» Exercise:
Give back all of the data exactly, with every picture omitted.

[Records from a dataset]
☆ ☆ ☆ ☆
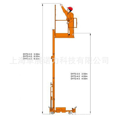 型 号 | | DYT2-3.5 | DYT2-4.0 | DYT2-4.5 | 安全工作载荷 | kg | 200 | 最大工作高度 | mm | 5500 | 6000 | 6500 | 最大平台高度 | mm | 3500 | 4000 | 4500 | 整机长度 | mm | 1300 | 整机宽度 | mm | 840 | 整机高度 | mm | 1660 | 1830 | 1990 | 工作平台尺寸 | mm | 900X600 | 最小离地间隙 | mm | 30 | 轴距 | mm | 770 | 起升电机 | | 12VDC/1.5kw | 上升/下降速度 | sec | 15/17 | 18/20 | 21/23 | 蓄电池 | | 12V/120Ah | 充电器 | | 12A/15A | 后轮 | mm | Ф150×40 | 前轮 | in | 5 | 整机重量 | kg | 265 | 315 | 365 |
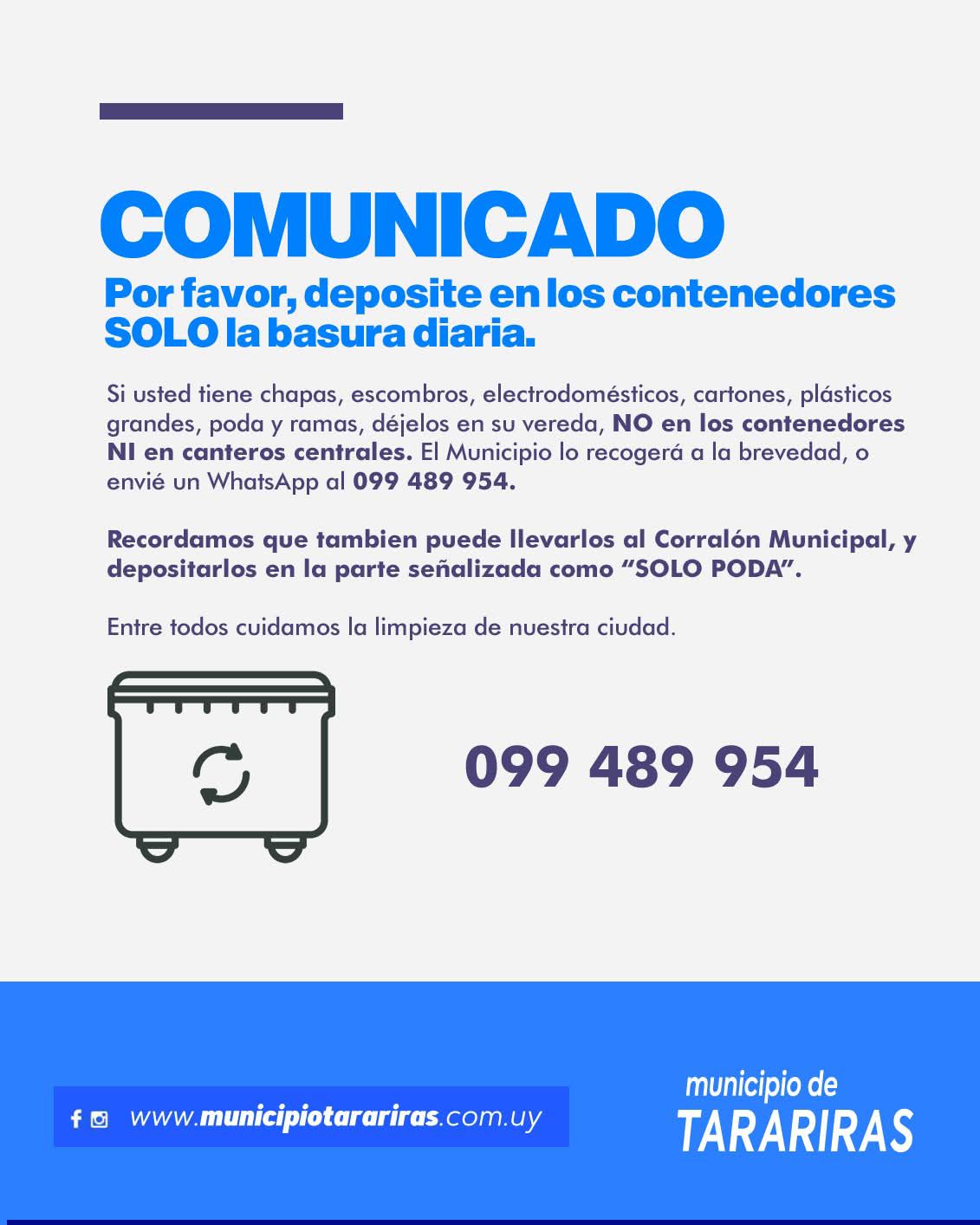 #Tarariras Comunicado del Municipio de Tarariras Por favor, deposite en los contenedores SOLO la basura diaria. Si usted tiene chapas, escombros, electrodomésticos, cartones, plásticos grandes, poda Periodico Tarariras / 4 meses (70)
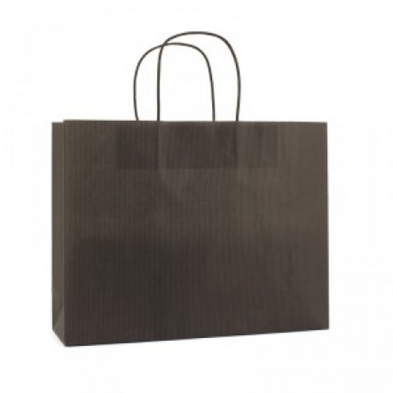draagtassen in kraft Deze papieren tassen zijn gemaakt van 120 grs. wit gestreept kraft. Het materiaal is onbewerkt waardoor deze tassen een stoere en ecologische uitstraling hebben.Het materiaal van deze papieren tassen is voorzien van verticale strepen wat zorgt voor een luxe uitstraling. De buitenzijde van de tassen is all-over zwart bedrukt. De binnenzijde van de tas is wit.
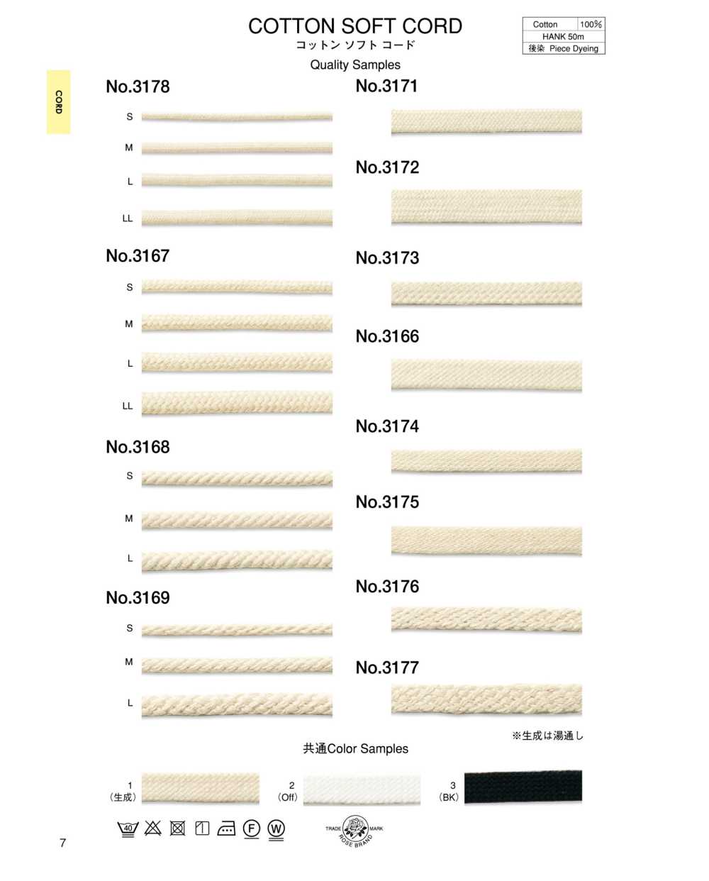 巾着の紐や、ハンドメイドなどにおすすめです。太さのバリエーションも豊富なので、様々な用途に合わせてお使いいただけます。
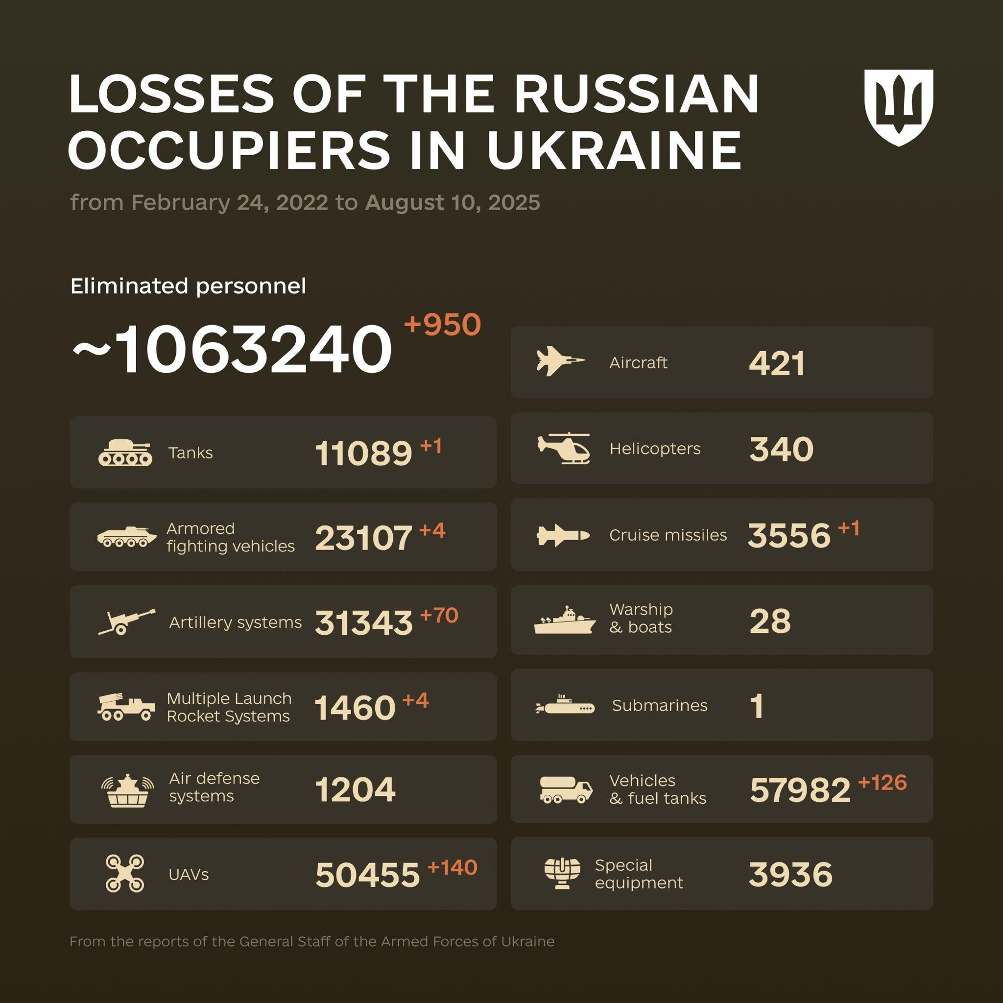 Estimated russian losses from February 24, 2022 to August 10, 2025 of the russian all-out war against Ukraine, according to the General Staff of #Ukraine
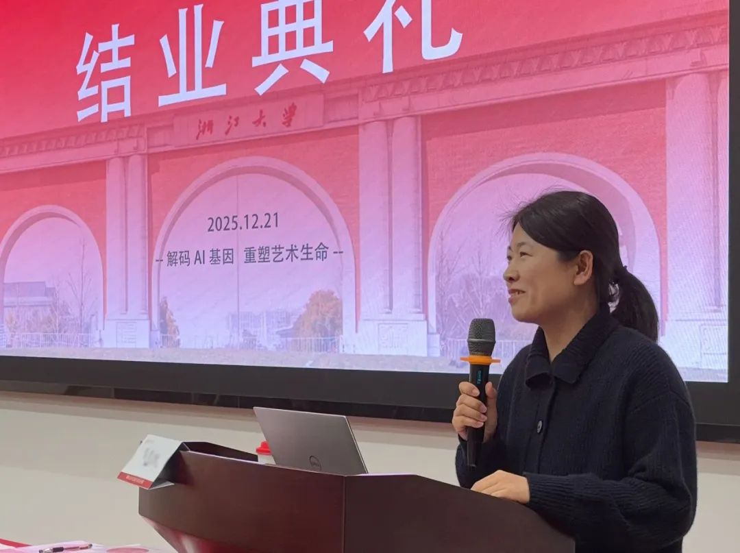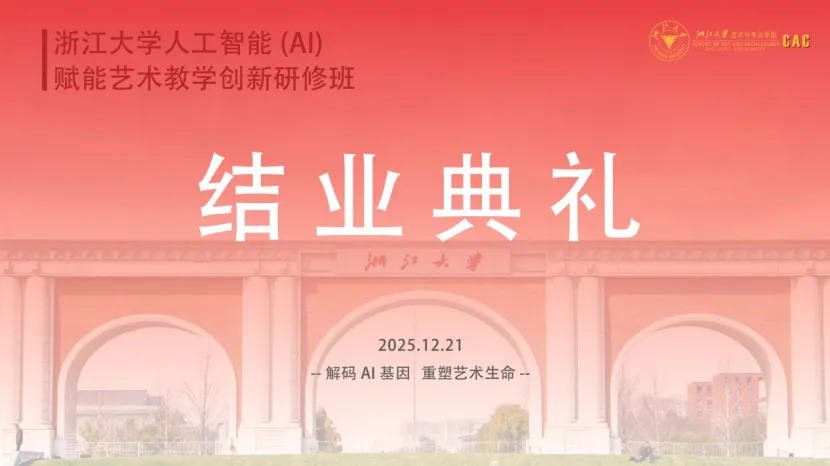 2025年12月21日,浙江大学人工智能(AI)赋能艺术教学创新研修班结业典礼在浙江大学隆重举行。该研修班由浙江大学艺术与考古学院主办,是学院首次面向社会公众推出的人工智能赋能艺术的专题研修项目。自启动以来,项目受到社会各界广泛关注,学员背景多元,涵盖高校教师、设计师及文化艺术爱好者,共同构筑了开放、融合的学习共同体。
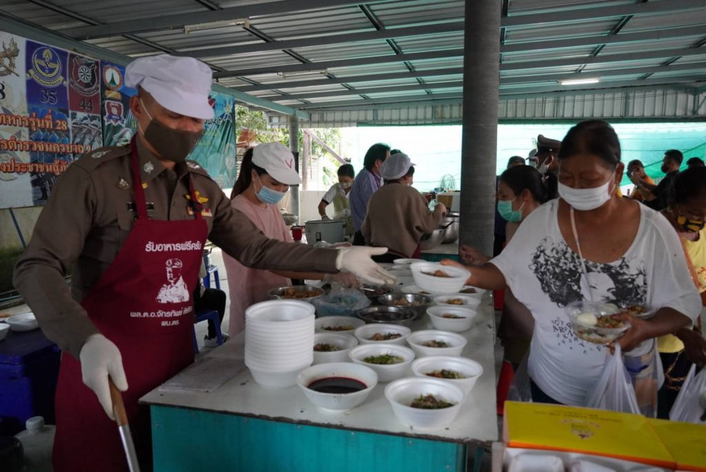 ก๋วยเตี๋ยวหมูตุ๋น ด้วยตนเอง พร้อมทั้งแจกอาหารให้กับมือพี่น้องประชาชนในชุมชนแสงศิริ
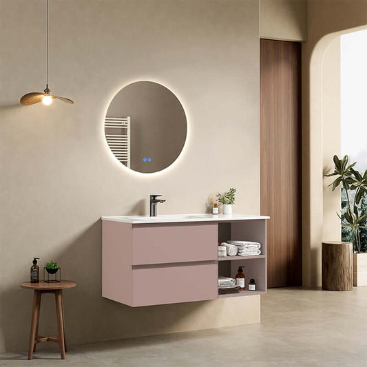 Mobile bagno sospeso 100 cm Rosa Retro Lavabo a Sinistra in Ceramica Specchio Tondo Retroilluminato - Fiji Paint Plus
☆ ☆ ☆ ☆
» Result for this task:
 型 号 | | DYT2-3.5 | DYT2-4.0 | DYT2-4.5 | 安全工作载荷 | kg | 200 | 最大工作高度 | mm | 5500 | 6000 | 6500 | 最大平台高度 | mm | 3500 | 4000 | 4500 | 整机长度 | mm | 1300 | 整机宽度 | mm | 840 | 整机高度 | mm | 1660 | 1830 | 1990 | 工作平台尺寸 | mm | 900X600 | 最小离地间隙 | mm | 30 | 轴距 | mm | 770 | 起升电机 | | 12VDC/1.5kw | 上升/下降速度 | sec | 15/17 | 18/20 | 21/23 | 蓄电池 | | 12V/120Ah | 充电器 | | 12A/15A | 后轮 | mm | Ф150×40 | 前轮 | in | 5 | 整机重量 | kg | 265 | 315 | 365 |
 #Tarariras Comunicado del Municipio de Tarariras Por favor, deposite en los contenedores SOLO la basura diaria. Si usted tiene chapas, escombros, electrodomésticos, cartones, plásticos grandes, poda Periodico Tarariras / 4 meses (70)
draagtassen in kraft Deze papieren tassen zijn gemaakt van 120 grs. wit gestreept kraft. Het materiaal is onbewerkt waardoor deze tassen een stoere en ecologische uitstraling hebben.Het materiaal van deze papieren tassen is voorzien van verticale strepen wat zorgt voor een luxe uitstraling. De buitenzijde van de tassen is all-over zwart bedrukt. De binnenzijde van de tas is wit.
 巾着の紐や、ハンドメイドなどにおすすめです。太さのバリエーションも豊富なので、様々な用途に合わせてお使いいただけます。
 Estimated russian losses from February 24, 2022 to August 10, 2025 of the russian all-out war against Ukraine, according to the General Staff of #Ukraine
 2025年12月21日,浙江大学人工智能(AI)赋能艺术教学创新研修班结业典礼在浙江大学隆重举行。该研修班由浙江大学艺术与考古学院主办,是学院首次面向社会公众推出的人工智能赋能艺术的专题研修项目。自启动以来,项目受到社会各界广泛关注,学员背景多元,涵盖高校教师、设计师及文化艺术爱好者,共同构筑了开放、融合的学习共同体。
 ก๋วยเตี๋ยวหมูตุ๋น ด้วยตนเอง พร้อมทั้งแจกอาหารให้กับมือพี่น้องประชาชนในชุมชนแสงศิริ
 Mobile bagno sospeso 100 cm Rosa Retro Lavabo a Sinistra in Ceramica Specchio Tondo Retroilluminato - Fiji Paint Plus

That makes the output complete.